Amerika Terpuruk, Inflasi Gila-gilaan, Warga Hanya Bisa Beli Komoditas Ini 
ByTim 
Redaksi0https://bergelora.com/rakyatnya-jadi-korban-amerika-terpuruk-inflasi-gila-gilaan-warga-hanya-bisa-beli-komoditas-ini/
Presiden AS, Joe Biden panik. (Ist)
JAKARTA- Raksasa ritel Amerika Serikat (AS) Walmart dikabarkan memangkas 
prospek laba mereka, baik secara kuartalan maupun setahun penuh akibat Inflasi 
yang melanda negeri Paman Sam.

Dalam keterangannya, Walmart menuturkan bahwa inflasi di AS telah mendorong 
masyarakat untuk lebih banyak membelanjakan kebutuhan pokok seperti makanan dan 
semakin sedikit transaksi terkait pembelian pakaian dan barang elektronik.
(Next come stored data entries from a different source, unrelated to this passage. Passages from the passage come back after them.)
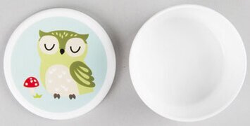 Liten rund matbox med ett ljuvligt motiv av en söt uggla. Matboxen är nätt i modellen & smidig att ta med i ryggsäcken till fruktstunden, picknicken eller i skötväskan. Perfekt att förvara sylt, ketchup, snacks eller frukt i. Kan även användas som förvaringsbox till pärlor & andra små pysselsaker. Matboxen är godkänd för livsmedel & fri från BPA. Kan diskas i maskin.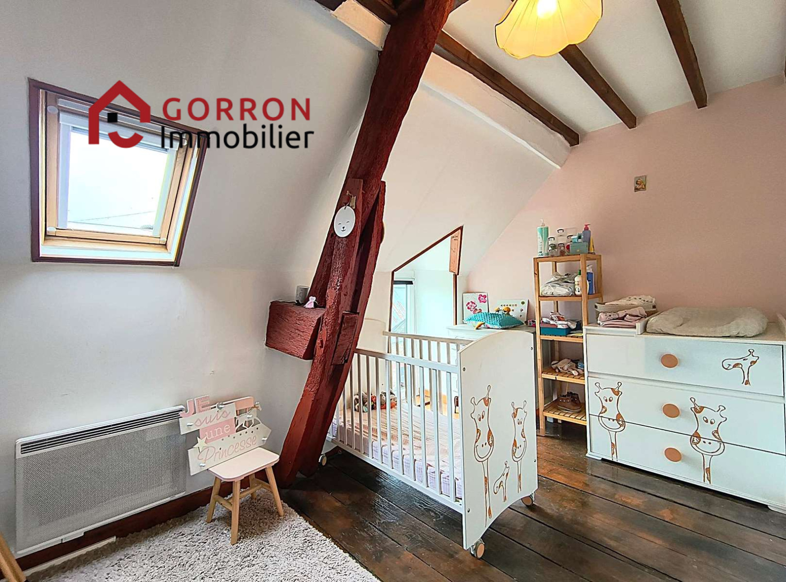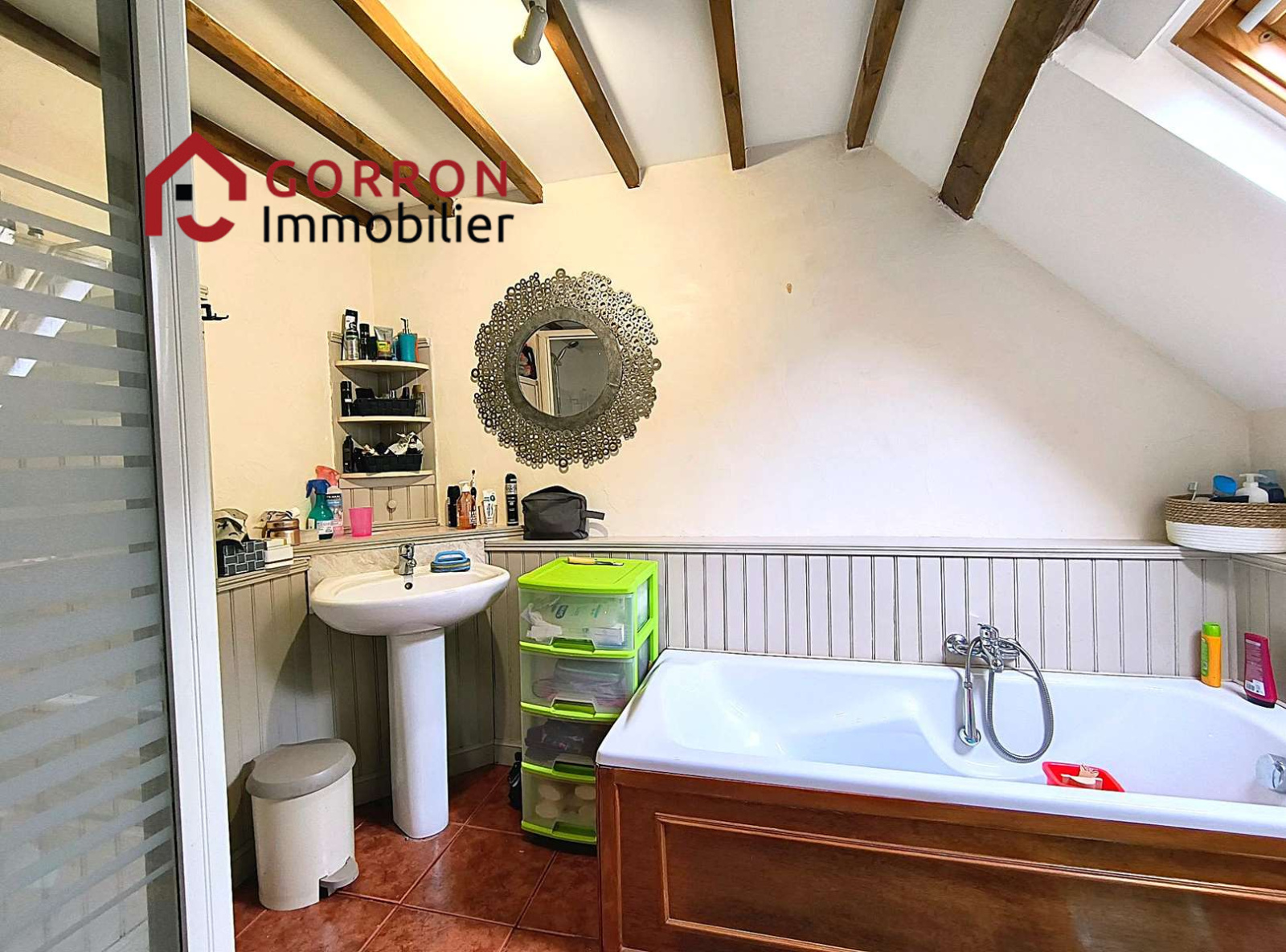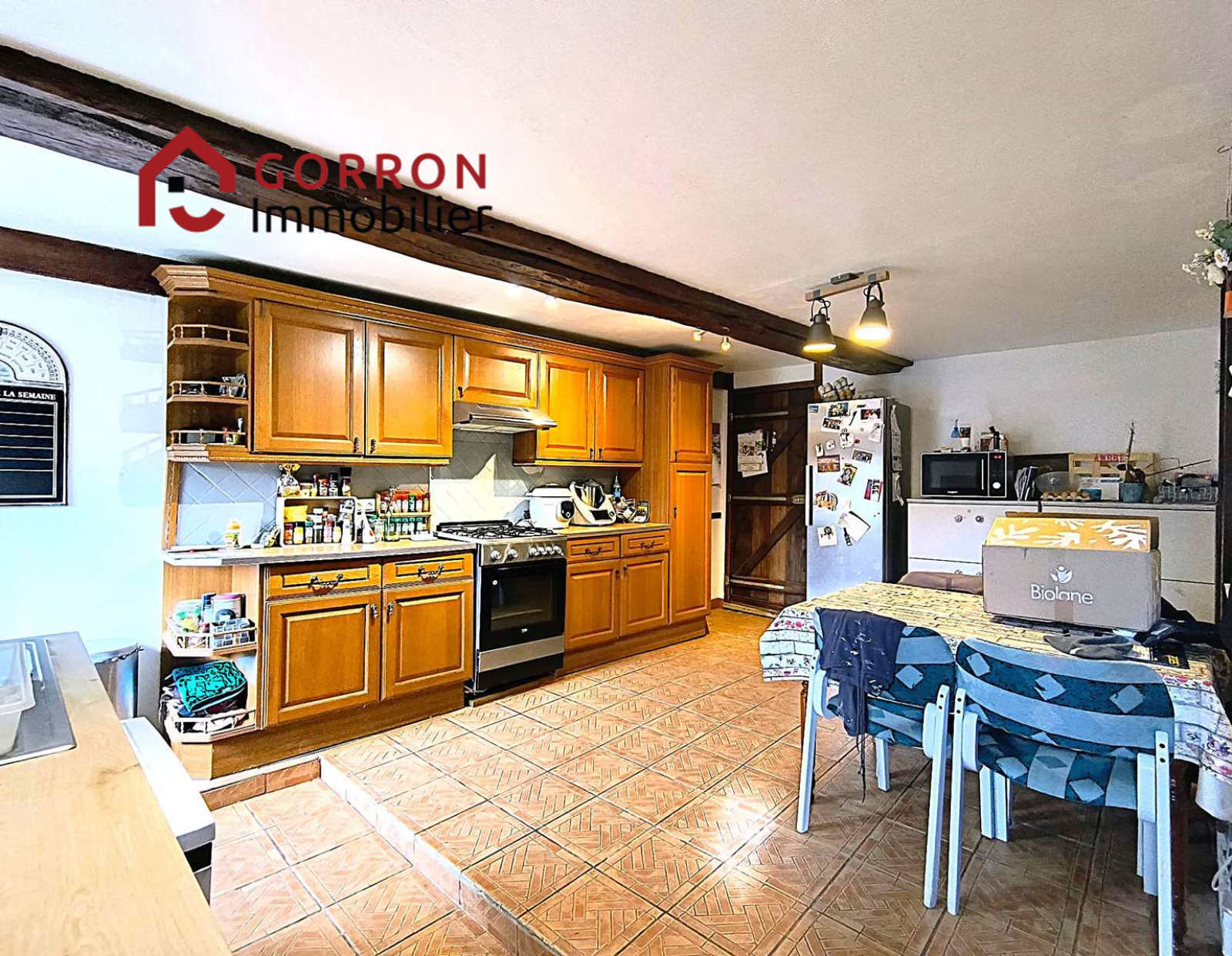 Au rez-de-chaussée : cuisine aménagée, salon avec poêle à bois, buanderie avec douche, WC.
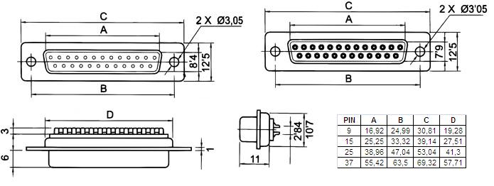 Conector Sub-D para soldar cable, macho de 9 pines, 50D9P.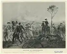 Lorsque l'attaque commença vers 15h, les positions allemandes furent immédiatement encerclées par les coups de feu. Stark décrivit l'engagement en ces termes : « [c'est] le plus fort que j'ai jamais vu, il ressemble à un coup de tonnerre continu »[T 4],[30]. Les Loyalistes et les Amérindiens étaient dépassés, ce qui poussa la plupart d'entre eux à s'enfuir ou à se rendre. Dans ce contexte, Baum et ses dragons de Brunswick étaient piégés, seuls, sur une hauteur. Les Allemands combattirent vaillamment, même après avoir perdu la majeure partie de leurs munitions, leur wagon ayant été détruit. Désespérés, ils menèrent une charge au sabre dans une tentative visant à percer les Américains qui les encerclaient. Baum fut mortellement blessé dans cette charge finale, et les Allemands survivants se rendirent[29].

Pergeseran pada pengeluaran inilah membuat Walmart menandai sejumlah barang 
yang tidak lagi diinginkan konsumen semasa inflasi.

Pengumuman itu sekaligus membuat saham perusahaan jatuh. Tak hanya Walmart, 
ritel lain termasuk Target dan raksasa e-commerce Amazon juga menghadapi hal 
serupa.

Laju inflasi tahunan di AS dilaporkan mencapai 9,1 persen pada Juni, sekaligus 
menjadi yang tertinggi sejak November 1981. Inflasi bulan lalu juga lebih 
tinggi dibandingkan prediksi Dow Jones yang mencapai 8,8 persen, begitu juga 
pada bulan sebelumnya sebesar 8,6 persen. Biro Statistik Tenaga Kerja Amerika 
melaporkan, inflasi inti juga lebih tinggi dari perkiraan mencapai 5,9 persen.

Kepada Bergelora.com di Jakarta dilaporkan, Walmart saat ini dilaporkan telah 
mengantisipasi dengan menyesuaikan n laba per saham untuk kuartal II dan 
setahun penuh dengan penurunan masing-masing sekitar 8 persen hingga 9 persen 
dan 11 persen hingga 13 persen.

Angka ini kian jauh dari perkiraan laba sebelumnya yang diproyeksi Walmart akan 
datar pada kuartal II dan turun sekitar 1 persen untuk setahun penuh.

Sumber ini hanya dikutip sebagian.